Available data Start Marker
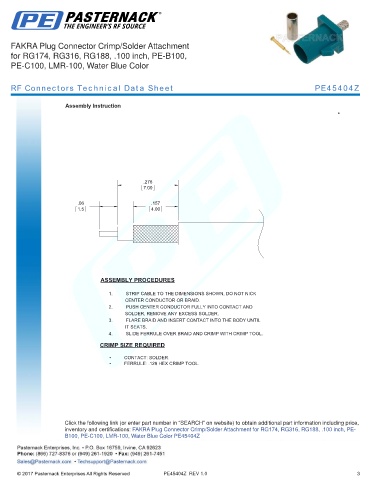 RF Connectors Technical Data Sheet PE45404Z
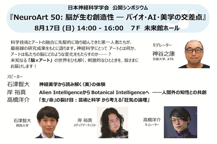 また、14-15時には研究者トーク「NeuroArt 50:脳が生む創造性 ― バイオ・AI・美学の交差点」があります。
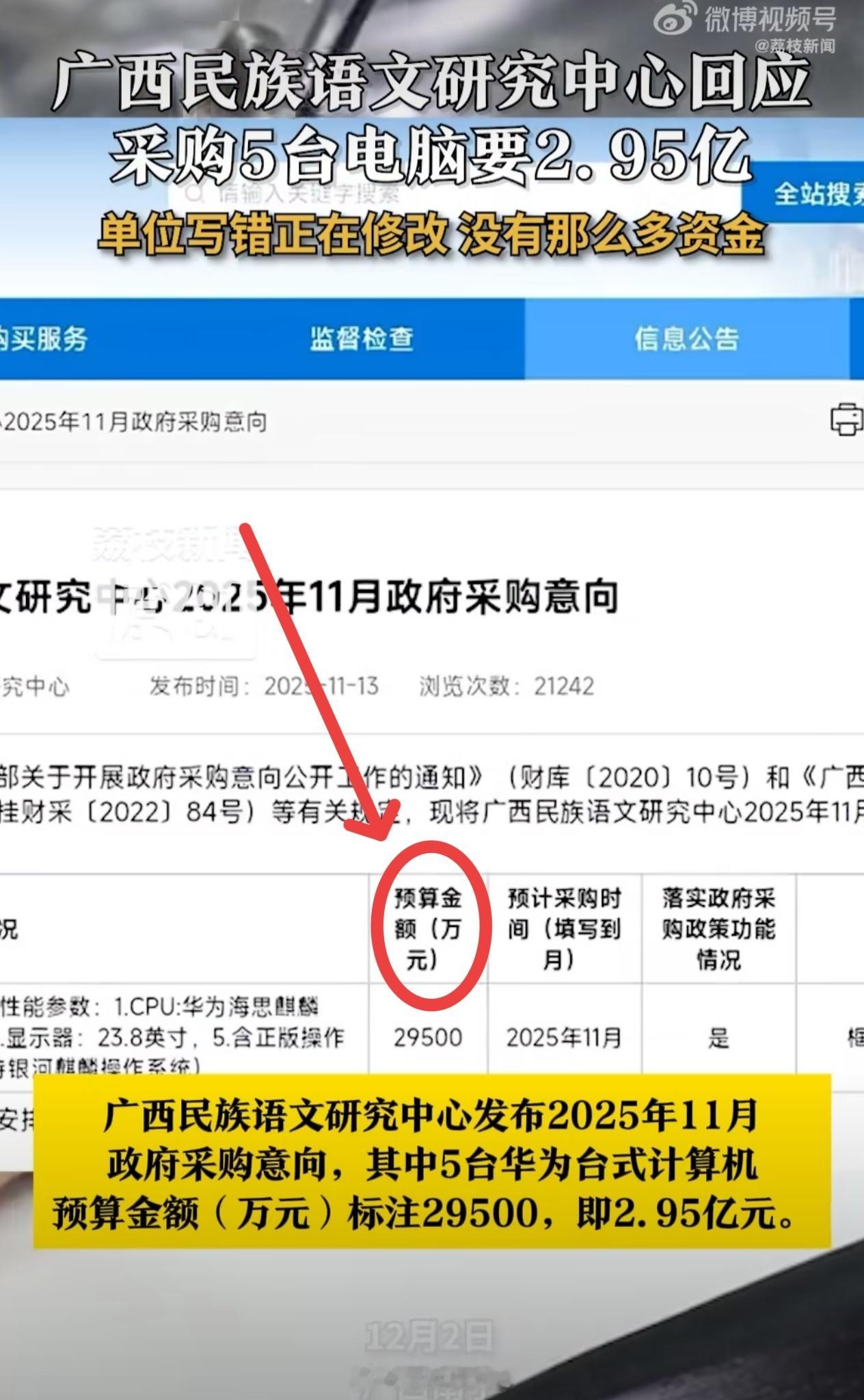 机构采购5台电脑预算写2.95亿我寻思得多高的配置?哦,原来只是工作人员疏忽了
Available data End Marker
**What is required:**
Give the lines from the one containing "また、14-15時には研究者トーク「NeuroArt 50:脳が生む創造性 ―" through the final line of the material again, exactly and in full, but without pictures.

**Solution:**
 また、14-15時には研究者トーク「NeuroArt 50:脳が生む創造性 ― バイオ・AI・美学の交差点」があります。
 机构采购5台电脑预算写2.95亿我寻思得多高的配置?哦,原来只是工作人员疏忽了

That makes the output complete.